● Source information

○ ○ ○

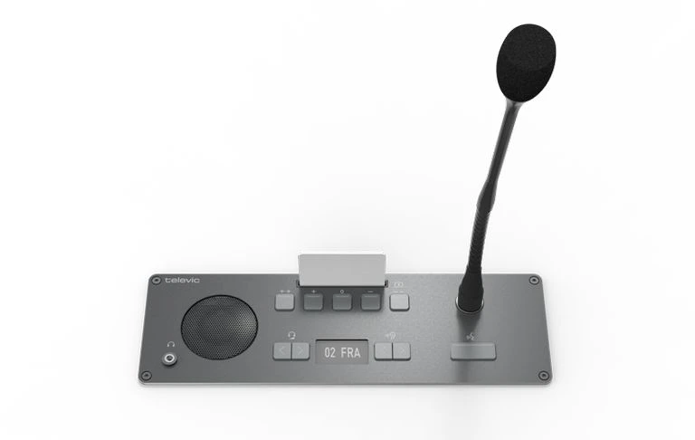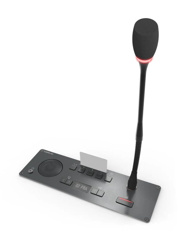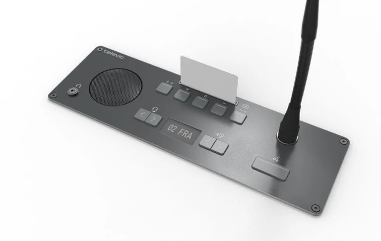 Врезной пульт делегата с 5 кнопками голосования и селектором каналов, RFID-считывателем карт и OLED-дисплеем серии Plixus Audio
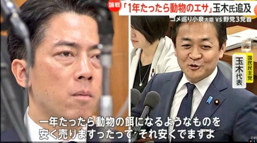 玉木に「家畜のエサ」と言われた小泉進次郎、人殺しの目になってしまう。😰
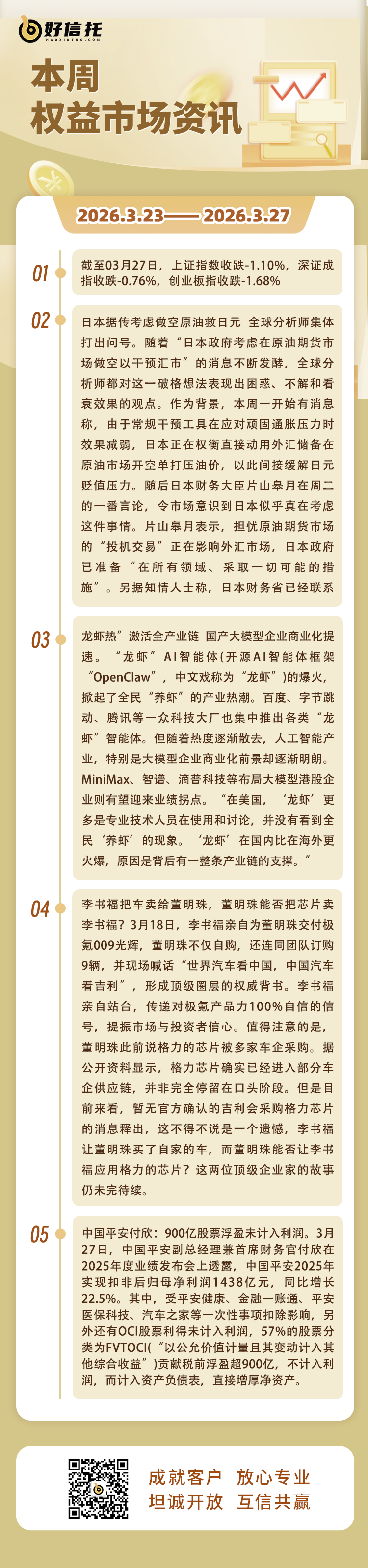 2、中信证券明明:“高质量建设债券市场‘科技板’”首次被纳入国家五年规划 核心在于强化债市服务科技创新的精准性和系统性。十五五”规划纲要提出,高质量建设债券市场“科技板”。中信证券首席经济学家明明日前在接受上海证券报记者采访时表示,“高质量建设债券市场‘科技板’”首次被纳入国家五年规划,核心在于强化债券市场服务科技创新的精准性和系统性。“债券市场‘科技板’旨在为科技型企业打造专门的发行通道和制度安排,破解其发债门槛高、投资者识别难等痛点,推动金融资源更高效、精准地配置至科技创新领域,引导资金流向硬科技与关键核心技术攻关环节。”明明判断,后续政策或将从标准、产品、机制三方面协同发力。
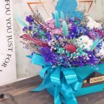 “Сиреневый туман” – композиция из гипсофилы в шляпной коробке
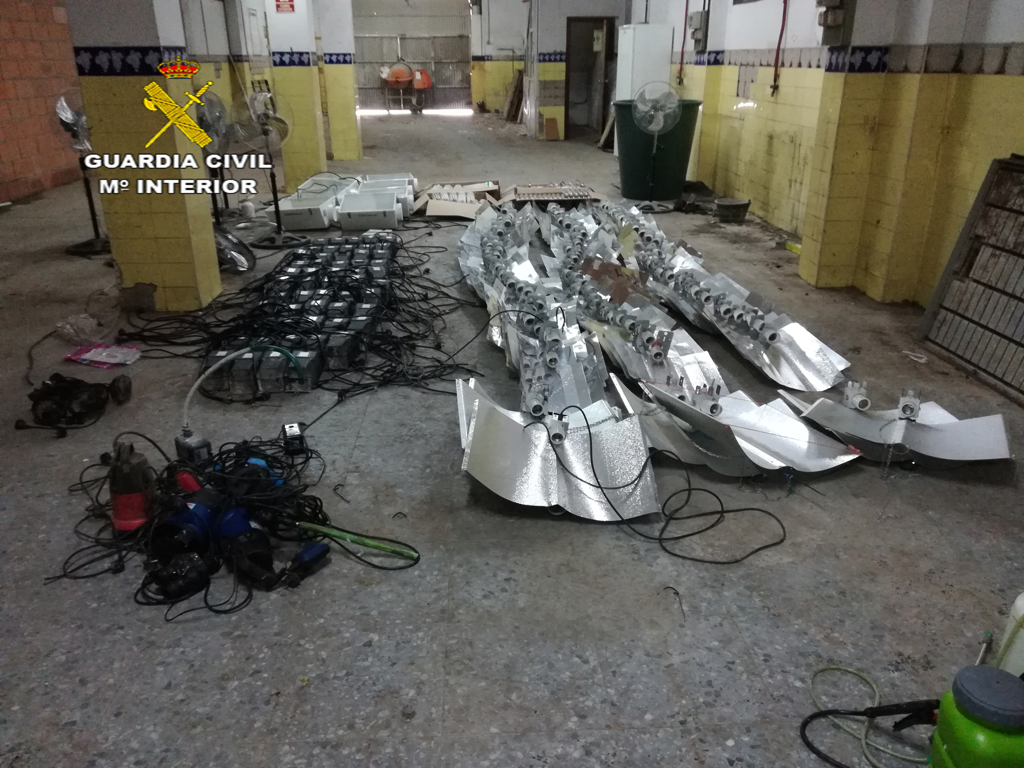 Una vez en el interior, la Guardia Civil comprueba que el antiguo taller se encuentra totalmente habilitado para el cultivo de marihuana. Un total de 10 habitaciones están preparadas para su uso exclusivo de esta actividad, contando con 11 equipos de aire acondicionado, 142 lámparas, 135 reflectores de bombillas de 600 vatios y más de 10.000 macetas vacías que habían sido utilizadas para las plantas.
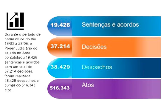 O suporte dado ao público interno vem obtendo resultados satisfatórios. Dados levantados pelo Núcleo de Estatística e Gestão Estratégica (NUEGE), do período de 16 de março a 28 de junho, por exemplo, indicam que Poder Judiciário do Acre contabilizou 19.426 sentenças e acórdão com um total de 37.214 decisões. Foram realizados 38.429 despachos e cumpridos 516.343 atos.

○ ○ ○

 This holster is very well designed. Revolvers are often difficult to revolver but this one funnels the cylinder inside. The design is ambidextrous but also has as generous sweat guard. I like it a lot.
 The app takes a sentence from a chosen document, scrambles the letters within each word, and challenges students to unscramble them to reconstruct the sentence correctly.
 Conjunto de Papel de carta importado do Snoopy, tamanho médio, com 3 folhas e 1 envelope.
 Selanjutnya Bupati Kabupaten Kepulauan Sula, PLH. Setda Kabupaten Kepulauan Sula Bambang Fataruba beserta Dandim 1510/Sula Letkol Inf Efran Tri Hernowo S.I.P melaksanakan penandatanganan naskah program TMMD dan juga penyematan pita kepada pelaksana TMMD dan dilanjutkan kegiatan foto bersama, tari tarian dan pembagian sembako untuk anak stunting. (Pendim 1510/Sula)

○ ○ ○

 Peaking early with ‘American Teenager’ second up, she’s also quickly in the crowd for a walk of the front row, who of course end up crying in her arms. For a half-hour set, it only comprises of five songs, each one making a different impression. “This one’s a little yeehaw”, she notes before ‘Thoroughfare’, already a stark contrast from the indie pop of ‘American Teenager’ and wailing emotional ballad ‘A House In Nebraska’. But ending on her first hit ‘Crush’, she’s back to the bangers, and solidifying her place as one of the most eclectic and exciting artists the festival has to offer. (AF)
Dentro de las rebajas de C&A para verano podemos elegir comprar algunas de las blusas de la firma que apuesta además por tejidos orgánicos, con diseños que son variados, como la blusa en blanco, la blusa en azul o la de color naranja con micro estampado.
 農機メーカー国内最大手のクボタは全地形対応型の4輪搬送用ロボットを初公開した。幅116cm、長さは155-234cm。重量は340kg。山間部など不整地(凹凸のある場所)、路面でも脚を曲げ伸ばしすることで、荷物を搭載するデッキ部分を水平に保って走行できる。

○ ○ ○

● Task details
Every line from the one with "Una vez en el" through the one with "O suporte dado" is to be reproduced exactly as written above, and the pictures are to be dropped.

● Output below
 Una vez en el interior, la Guardia Civil comprueba que el antiguo taller se encuentra totalmente habilitado para el cultivo de marihuana. Un total de 10 habitaciones están preparadas para su uso exclusivo de esta actividad, contando con 11 equipos de aire acondicionado, 142 lámparas, 135 reflectores de bombillas de 600 vatios y más de 10.000 macetas vacías que habían sido utilizadas para las plantas.
 O suporte dado ao público interno vem obtendo resultados satisfatórios. Dados levantados pelo Núcleo de Estatística e Gestão Estratégica (NUEGE), do período de 16 de março a 28 de junho, por exemplo, indicam que Poder Judiciário do Acre contabilizou 19.426 sentenças e acórdão com um total de 37.214 decisões. Foram realizados 38.429 despachos e cumpridos 516.343 atos.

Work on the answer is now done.